(Collected data begins)

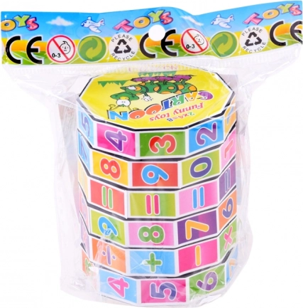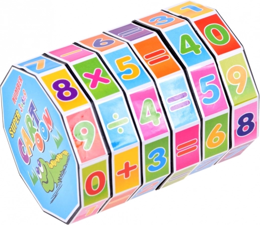 Този математически цилиндър е чудесно пособие за деца, които учат числата и основните аритметични операции. Въртящите се сегменти с числа и символи позволяват съставяне и проверка на лесни примери, което помага на децата да затвърдят материала по приятен и забавен начин.
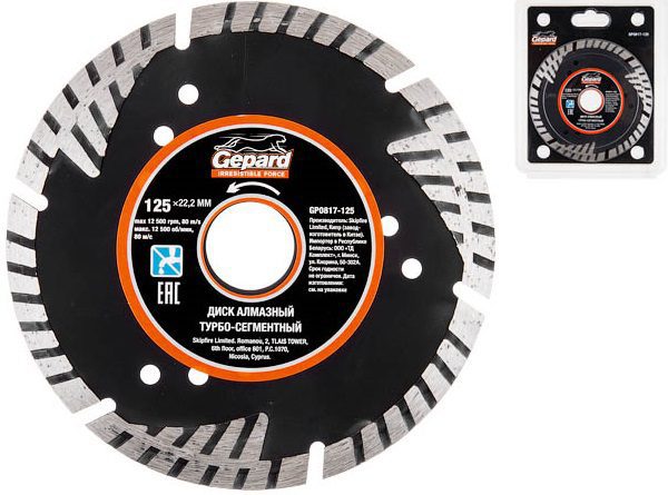 Круг алмазный 125х22 мм турбо-сегментный GEPARD (GP0817-125) для сухой резки армированного бетона, железобетона, кирпича, природного камня, мрамора, гранита и других твердых материалов. Высокая скорость реза. Защитные сектора обеспечивают защиту режущего слоя от бокового износа. Турбированная форма обеспечивает плавный безударный рез. Продолжительный ресурс работы обеспечивается высокой концентрацией алмазов, улучшенным качеством алмазных зерен и оптимально подобранной металлической связкой. Оборотов в минуту (RPM): 12500. Максимальная окружная скорость, м/с: 80.
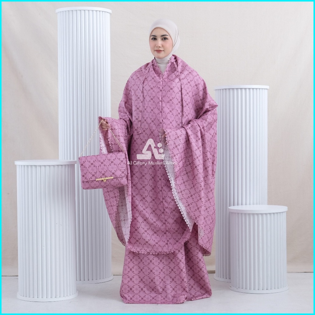 Mukena Dewasa 2in1 Motif Lasercut Print Katun
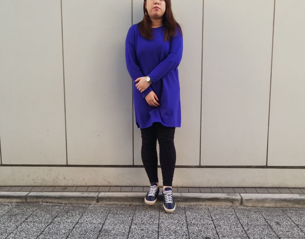 NAVY ERRAにブルーのニットワンピース×黒のレギンスを合わせて◎

(Collected data ends)

Write out, word for word, the lines running from the one containing "Mukena Dewasa 2in1" to the end of the data above; the pictures are to be left out.

 Mukena Dewasa 2in1 Motif Lasercut Print Katun
 NAVY ERRAにブルーのニットワンピース×黒のレギンスを合わせて◎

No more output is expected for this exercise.